Zum Programm kann man nur sagen: umfangreich! Ob Android, HTML5, .NET, iOS, Datenbankprogrammierung, Mobile Web, Cross-Plattforming oder Windows 8 – an den drei Tagen der DWX bekommt man als Entwickler wohl all die Infos geboten, die man für seine Arbeit braucht. Für die Qualität der Sessions stehen viele bekannte, aber auch weniger bekannte Namen, die ihr Wissen und ihre Expertise in Sachen Software-Entwicklung in Nürnberg zur Verfügung stellen. Und mit den Workshops am vierten Tag geht’s noch mal so richtig in die Tiefe.

Toll an der DWX 2013 wird auch ein neuer Anspruch sein, den der Veranstalter NMG verfolgt. Denn das reine Vortragsformat, bei dem ein Referent vorne steht und alle anderen gebannt zuhören, funktioniert so nicht mehr, zumindest nicht in der Entwickler-Community.

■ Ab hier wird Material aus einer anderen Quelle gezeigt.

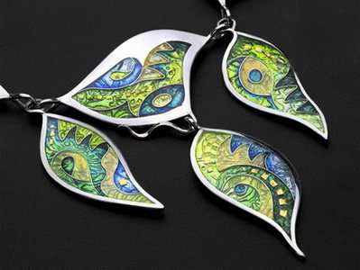 «Я всегда любила включать в свою работу яркий цвет и свет, поэтому, когда обнаружила красоту перегородчатой эмали, меня зацепило. Моя работа включает в себя цвет, свет и баланс — будь то абстрактный или образный. Я нахожусь под влиянием всех великолепных украшений прошлого, но постараюсь дать им современный вид».

Dazu haben sich Florian und seine Kollegen viele Gedanken gemacht, die er wie folgt zusammenfasst:

Mit der DWX 2013 wollen wir neue Wege gehen. Dazu gehören Dinge wie ein Hackathon, ein Open Space, in dem die Teilnehmer selber aktiv werden können, eine Expertenecke, eine Developer Challenge mit Entwickler-Award, Rechtsberatung für App-Entwickler, Night Codings, Partner-Events, eine Fachausstellung und vieles mehr.

Und wie es mit den Ticketpreisen aus? Nun, wer die volle Dröhnung will (Konferenz + Workshops), der zahlt netto regulär 1.799 Euro, bis zum 15. April kann man noch dank Early-Bird-Rabatt 100 Euro sparen. Darüber hinaus kann man 1-, 2- und 3-Tages-Tickets kaufen, die Preise reichen von 699 Euro netto bis 1.299 Euro. Auch hierfür gibt es bis zum 15.4. die reduzierten Preise. Daher ist es sicherlich keine dumme Idee, sich gleich anzumelden.

Und sonst? Nun, es haben sich bereits zahlreiche Sponsoren und Aussteller für die DWX 2013 angemeldet, die entweder mit eigenem Stand oder diversen Vorträgen vertreten sein werden. Dazu gehören derzeit unter anderem Intel, Microsoft Press, developer garden, InnoGames und andere.

Ach ja: Auch dieses Jahr bietet die Deutsche Bahn ein spezielles Ticket für alle Konferenzteilnehmer, das in der zweiten Klasse 99 Euro kostet (Hin- und Rückfahrt), wer eher die erste Klasse bevorzugt, der zahlt 159 Euro.